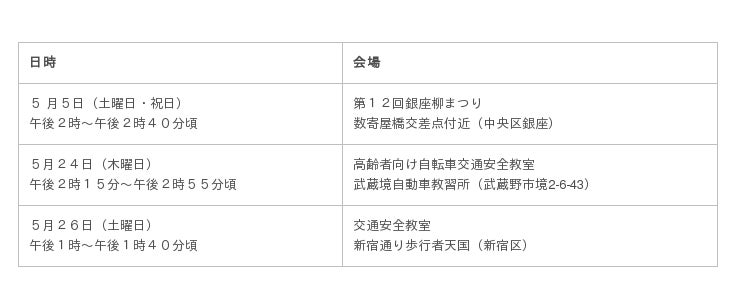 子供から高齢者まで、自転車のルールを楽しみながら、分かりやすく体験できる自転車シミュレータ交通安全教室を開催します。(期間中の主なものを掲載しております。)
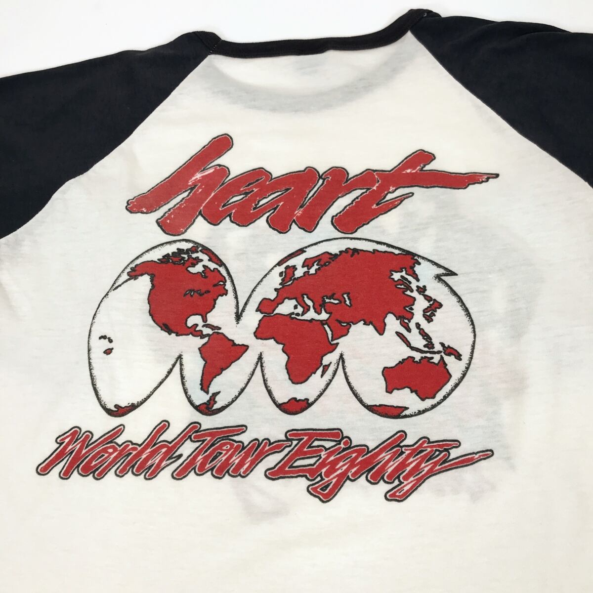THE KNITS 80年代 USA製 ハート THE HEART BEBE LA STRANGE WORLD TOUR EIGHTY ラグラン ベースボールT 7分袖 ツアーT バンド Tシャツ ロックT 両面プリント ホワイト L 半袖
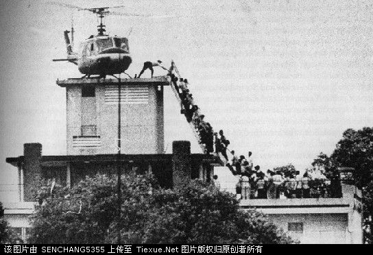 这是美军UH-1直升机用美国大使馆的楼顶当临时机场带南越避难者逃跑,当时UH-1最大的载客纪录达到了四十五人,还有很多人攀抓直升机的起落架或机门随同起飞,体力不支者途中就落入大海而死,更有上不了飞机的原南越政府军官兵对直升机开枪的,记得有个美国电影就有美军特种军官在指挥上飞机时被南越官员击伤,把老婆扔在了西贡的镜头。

● Your objective
With the pictures left out, write out all of the data exactly.

● Solution for this exercise
 子供から高齢者まで、自転車のルールを楽しみながら、分かりやすく体験できる自転車シミュレータ交通安全教室を開催します。(期間中の主なものを掲載しております。)
THE KNITS 80年代 USA製 ハート THE HEART BEBE LA STRANGE WORLD TOUR EIGHTY ラグラン ベースボールT 7分袖 ツアーT バンド Tシャツ ロックT 両面プリント ホワイト L 半袖
 这是美军UH-1直升机用美国大使馆的楼顶当临时机场带南越避难者逃跑,当时UH-1最大的载客纪录达到了四十五人,还有很多人攀抓直升机的起落架或机门随同起飞,体力不支者途中就落入大海而死,更有上不了飞机的原南越政府军官兵对直升机开枪的,记得有个美国电影就有美军特种军官在指挥上飞机时被南越官员击伤,把老婆扔在了西贡的镜头。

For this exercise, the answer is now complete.